40 дней по Евтушенко
Сколько десятков тысяч его автографов хранится по всему миру? Но каждому его обладателю дорог свой. И я храню.
Книжка уже прилично потрёпана, ведь в ней много любимых стихов. Бывает, зацепит стихотворение какой-то строчкой, и всё, оно уже твоё любимое. Ну, что казалось бы в этих строчках о велосипеде: «Я свожу его вниз. По ступеням он скачет упруго. Стукнуть шину ладонью — и сразу подскочит ладонь!» Но тут столько меткости, столько попадания в яблочко. Он и при разговоре умел как-то очень впопад спросить о том, что и в самом деле тебя волновало. По глазам читал, что ли? Тогда, в 94-ом, у меня ещё не было разрешения на работу, а он и спросил, работаю ли я. «Работать обязательно нужно, надо стараться найти выход», — сказал он, озадачив меня на ближайшие месяцы. Ну как можно было пренебречь этим советом?
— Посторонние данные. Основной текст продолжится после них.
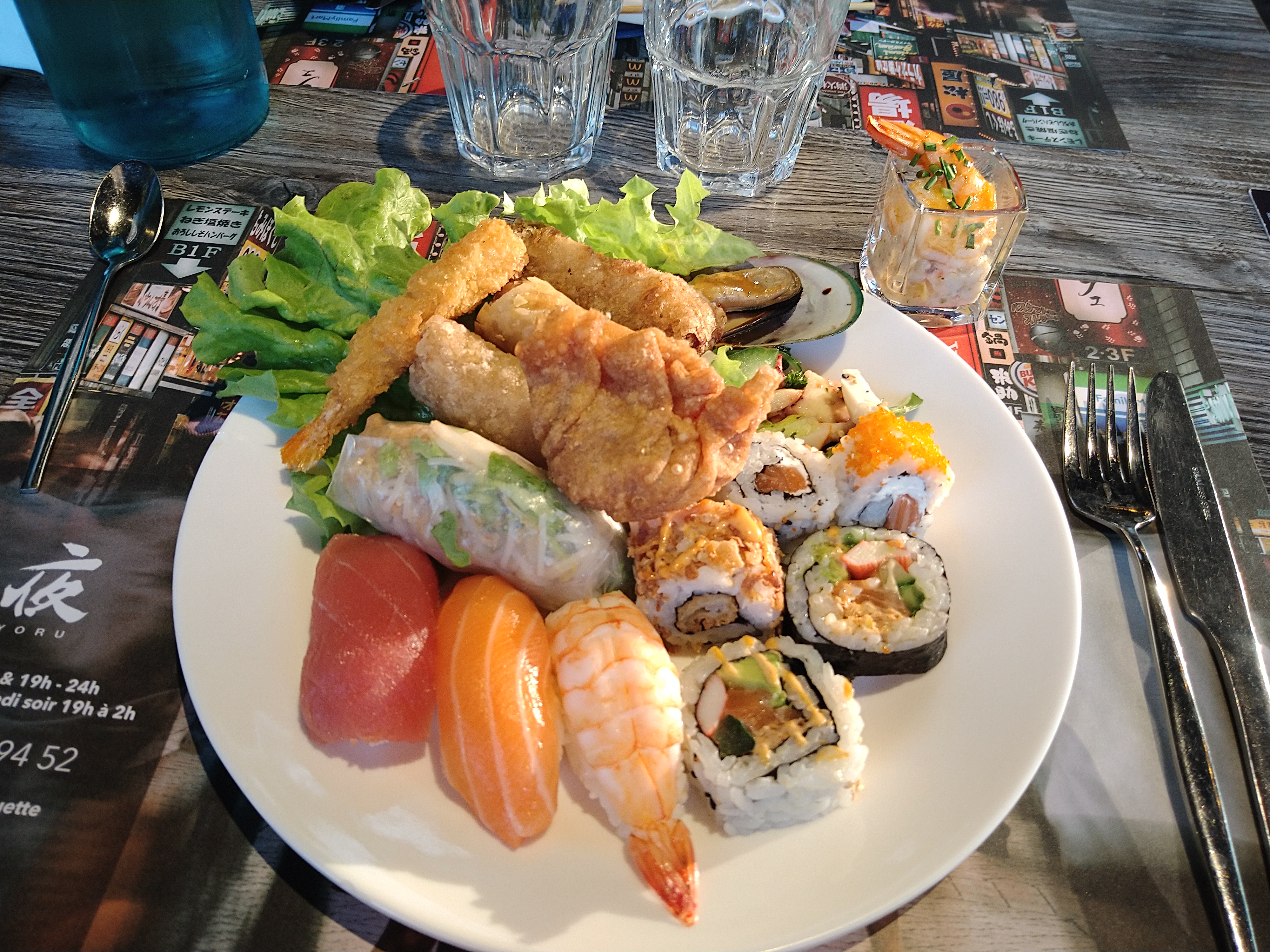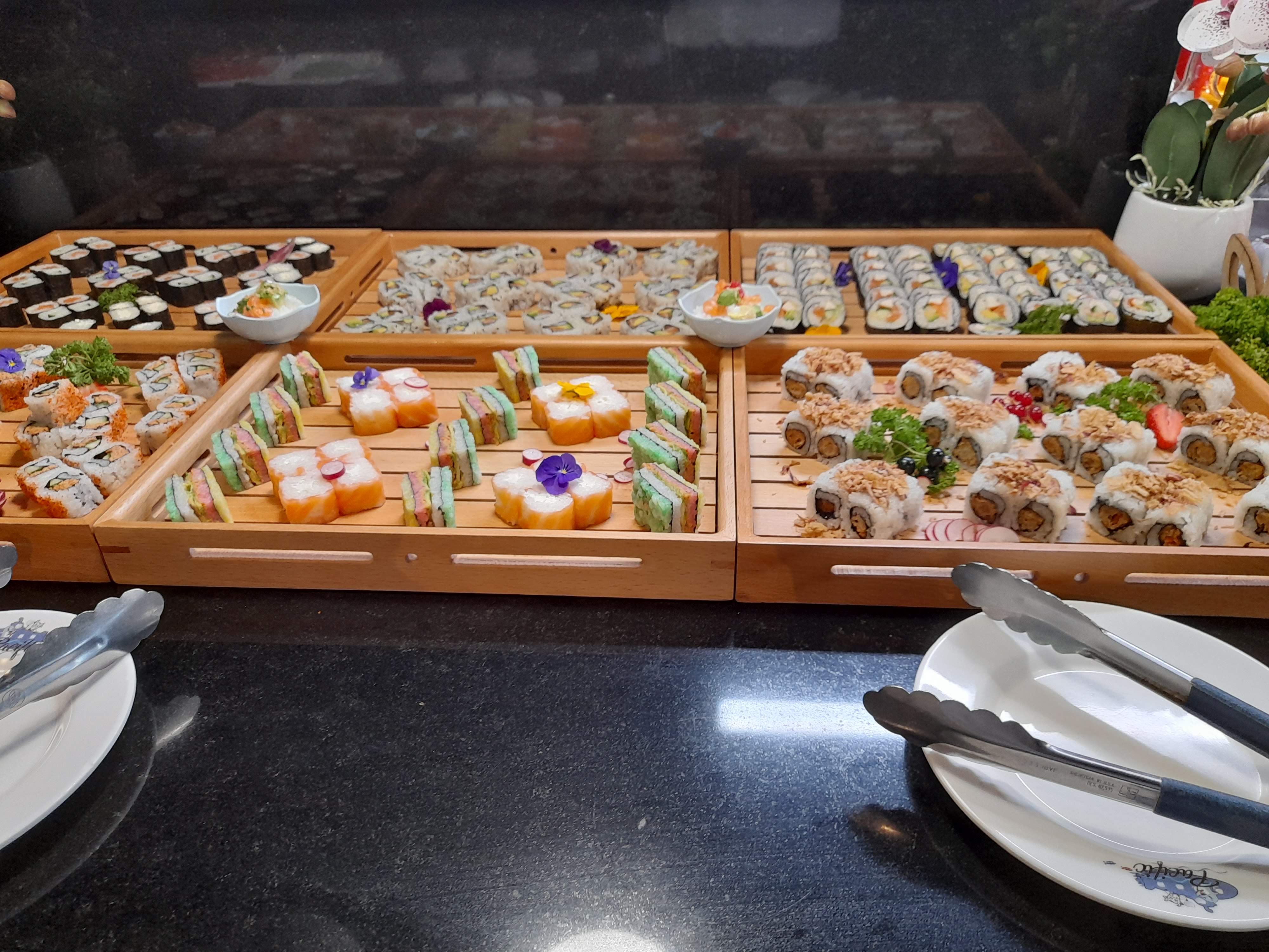 J’y étais il y a trois jours avec mon chéri.! Commençons par l’accueil chaleureux grâce a un monsieur maghrébin très galant, j’étais très surprise de la bonne qualité des sushis et des autres plats qui sont de très bonnes qualités. La décoration est magnifique, très cosy ! Les deux seuls bémols c’est qu’il y a beaucoup de monde et c’est normal pour un week-end et pour un buffet à volonté, le deuxième bémol c’est que je trouve que 26€50 par personne est assez cher, à part ça tout est parfait. Ça reste le meilleur des buffets que j’ai pu tester jusqu’à maintenant.! je reviendrai c’est certain.

Вот уж действительно не зря я взяла эту книгу в дальнюю дорогу.
А что написано здесь им?
Дорогая Варенька, спасибо вам за то, что взяли в столь дальнюю дорогу эту книгу"-кажется написано это) )
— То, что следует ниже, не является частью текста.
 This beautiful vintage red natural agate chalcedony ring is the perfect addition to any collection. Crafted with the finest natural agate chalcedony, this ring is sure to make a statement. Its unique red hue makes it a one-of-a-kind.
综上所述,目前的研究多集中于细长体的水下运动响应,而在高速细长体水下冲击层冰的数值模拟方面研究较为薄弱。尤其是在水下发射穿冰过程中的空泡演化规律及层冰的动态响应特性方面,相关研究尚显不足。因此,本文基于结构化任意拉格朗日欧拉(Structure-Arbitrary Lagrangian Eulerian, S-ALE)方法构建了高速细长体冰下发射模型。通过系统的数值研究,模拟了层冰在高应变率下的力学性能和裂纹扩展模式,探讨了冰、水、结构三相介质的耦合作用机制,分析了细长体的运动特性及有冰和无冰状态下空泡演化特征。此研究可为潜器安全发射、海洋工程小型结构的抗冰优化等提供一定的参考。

Дорогой Вареньке — спасибо вам за то, что взяли в столь дальнюю дорогу эту книгу. Евг. Евт.
теперь и я прочитала..), не все слова прописаны полностью.
ему, конечно, лестно было, что его книги чтут...
Наверное, лестно, — книжка уже тогда была довольно зачитанная, и он меня даже поцеловал.
Варь, расшифруй.
Расшифровали всё-таки. Почерк здесь уже, видимо, не очень неразборчивый, так как книг к тому моменту уже было подписано много. Но это всё были экземпляры одной и той же книги (проза, название потом найду, сейчас не вспомню), презентация которой в тот день была. А у меня была с собой прихваченная из России, и это его очень растрогало.
Дорогого стоит!
Да, для меня — очень. К тожу же это единственный автограф, который я в своей жизни взяла.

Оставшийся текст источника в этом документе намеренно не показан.